Daha sonra gerek Astana ve gerekse İdlib’in cihatçı grupların son kalesi haline gelmesinden sonra yapılan Soçi anlaşması, bir yandan ‘çatışmasızlık bölgeleri’nin oluşturulmasını ama öte yandan resmen ‘terör örgütü’ olarak kabul edilen HTŞ ve diğer radikal gruplara karşı mücadelenin devam etmesini öngörüyordu. Böylece İdlib’de garantörlük rolünü üstlenen Türkiye, İdlib’in büyük bölümünü denetleyen HTŞ’nin de tasfiyesi görevini üstlenmiş oluyordu. Ancak bu çete örgütünü tasfiye etmekten çok Suriye’de DAİŞ’e karşı savaşarak önemli kazanımlar elde eden Kürtlere karşı bir işgal koridoru oluşturmak için bu El kaide menşeli çeteleri Efrin, Serêkani ve Girê Spî’de kullanmaya ve onları finanse etmeye devam etti.
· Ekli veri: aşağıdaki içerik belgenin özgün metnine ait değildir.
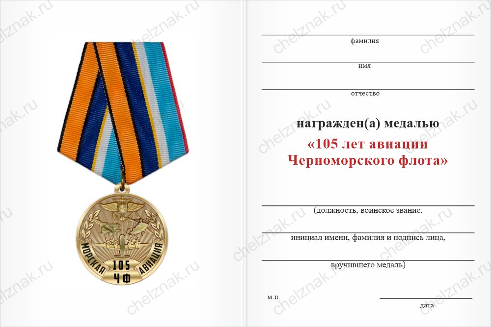 Чистые бланки удостоверения идут в комплекте с изделием, если об этом указано в названии (например, медаль «100 лет ВВС» с бланком удостоверения).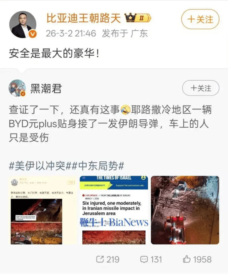 比亚迪元PLUS“硬抗导弹”,实力证明安全性首屈一指时间:2026-03-04 3月1日,一枚伊朗导弹在耶路撒冷周边爆炸。报道称,导弹爆炸后在路面留下明显弹坑,周边多辆汽车受损严重,交通标志牌被直接炸飞,可见爆炸威力之大。图中可见一辆比亚迪元PLUS(海外名称ATTO 3)贴身接了一发导弹,不幸被爆炸波及。受波及的比亚迪元PLUS,虽难逃外部损伤,其车窗碎裂、车体变形、外观受损,但核心表现让人意外。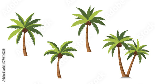 palm tree, tropical, illustration, vector, tree, nature, island, beach, vacation, summer, holiday, coconut palm, green, brown, foliage, leaf, plant, flora, garden, landscape, outdoors, sunshine, warm, exotic, south, paradise, relaxation, tour tourism, travel, digital artwork, graphic, design, cartoon, isolated, white background, simple, vibrant, sunny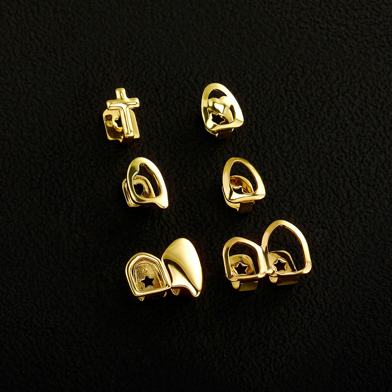 O字镂空星星金牙光面单颗锆石牙套亚马逊TEMU爆款个性牙套批发
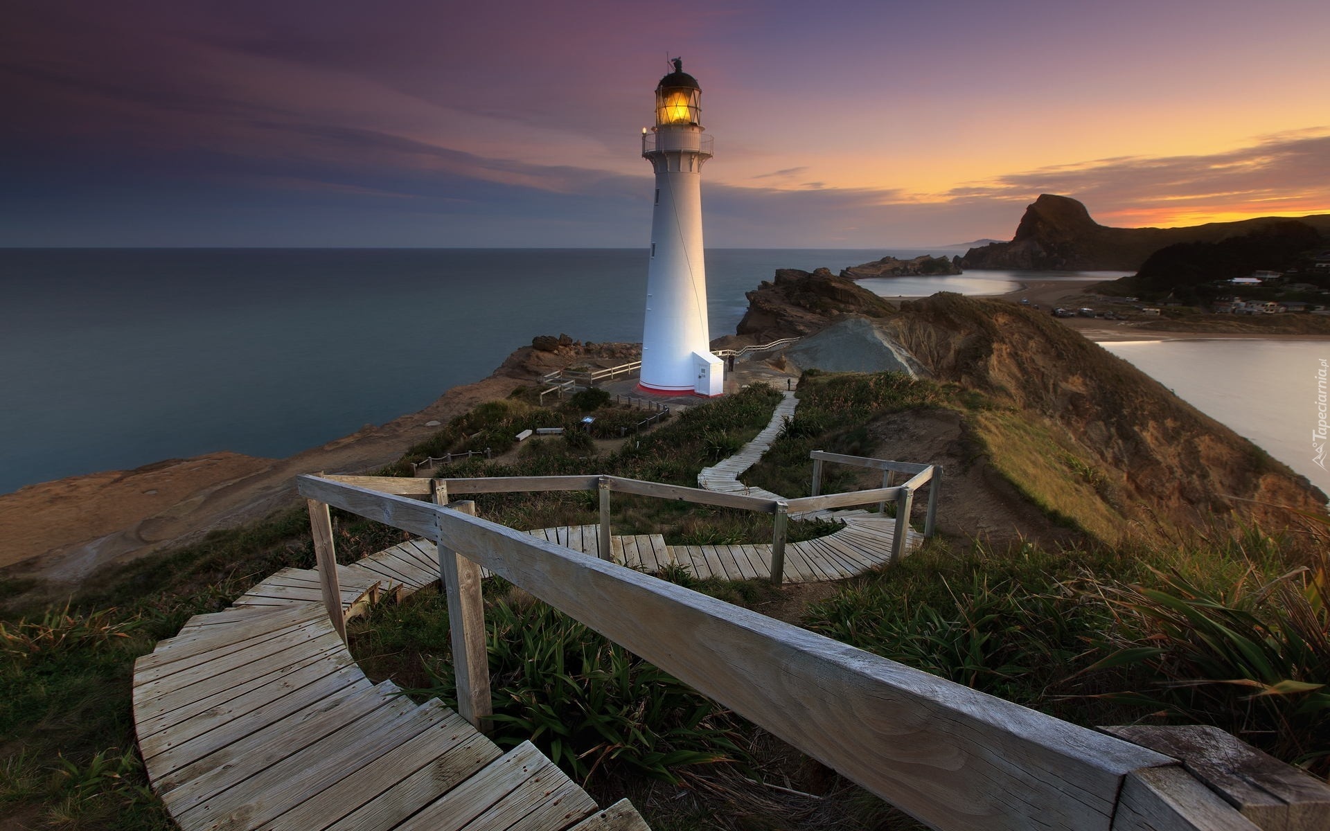 Edytor tapety: Latarnia, Morska, Skały, Schody, Morze, Zachód, Słońca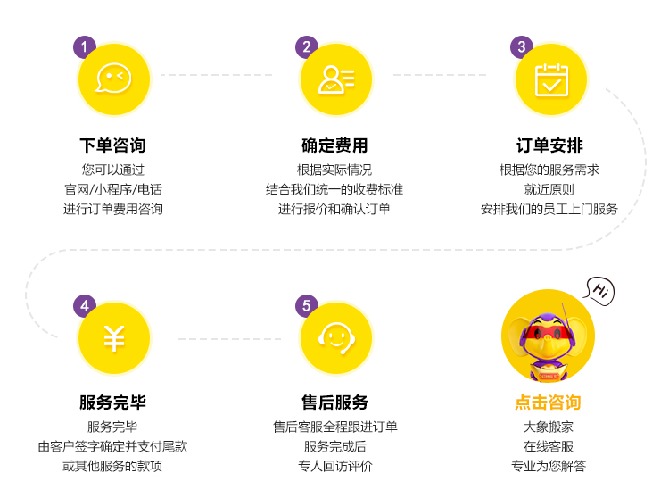 大象搬家,將不斷進(jìn)取,服務(wù)好每一位顧客是我們的終極目標(biāo),并立志成為中國(guó)一流的、新時(shí)代的搬家、到家服務(wù)品牌。攜手大象,選擇大象搬家,您的家庭事業(yè)必將順風(fēng)順?biāo)宦贩被ㄋ棋\。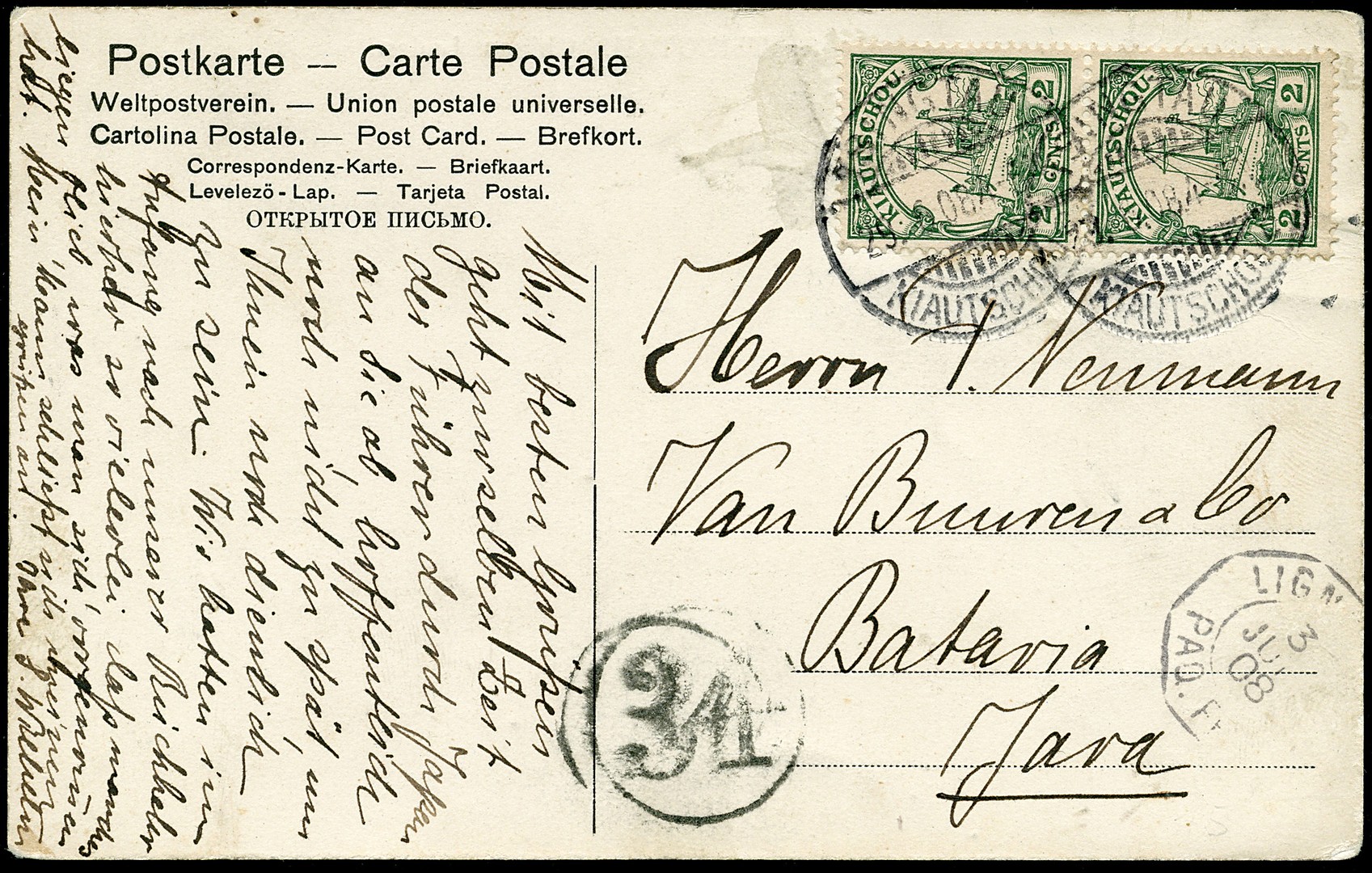 CHINA. Duitse kolonie Kiautschou. Prentbk. gefr. met 2c in paar van Tsingtau 29-6-1908 met de Franse pakketboot naar Batavia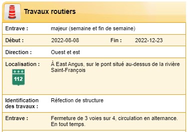 Veuillez prendre connaissance de l’avis en lien avec la prolongation des entraves de la route 112 à East Angus.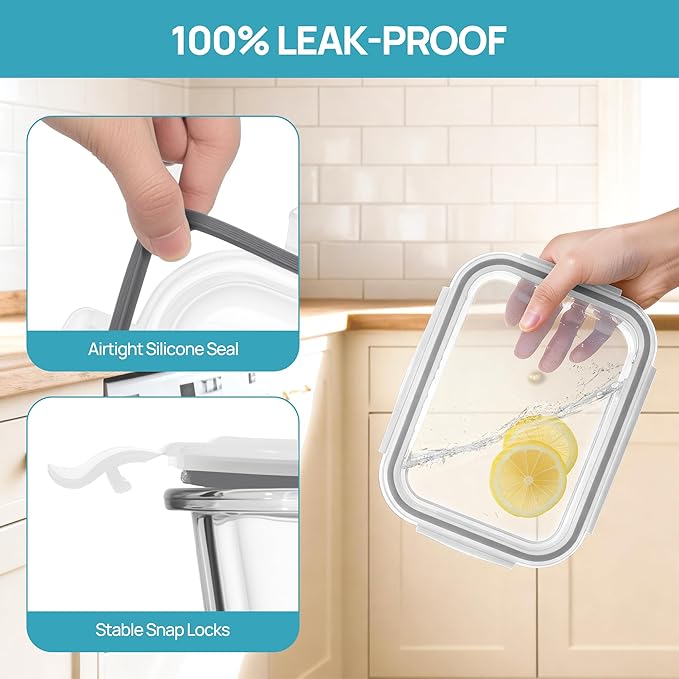 - 【Premium Glass & BPA Free】The glass containers are made of high quality borosilicate glass, making it safe for food storage. It is suitable for storing fruits, vegetables, salads, cereals, meals, meat, pasta, soups. It is a good choice for preparing meals at home, easy to get a healthy life.

Fakat İşgalci Türk ordusunun 2020’nin başlarında İdlib’de Rusya destekli Suriye ordusu ile savaş durumuna gelmesi ve ardından Faşist şef Erdoğan’ın Moskova’da Putin ile imzaladığı mutabakat metni, El-Kaide menşeli cihadist El nusra çeteleriyle ilişkilerin eskisi gibi sürdürülemeyeceği yeni bir dönemi haber veriyordu.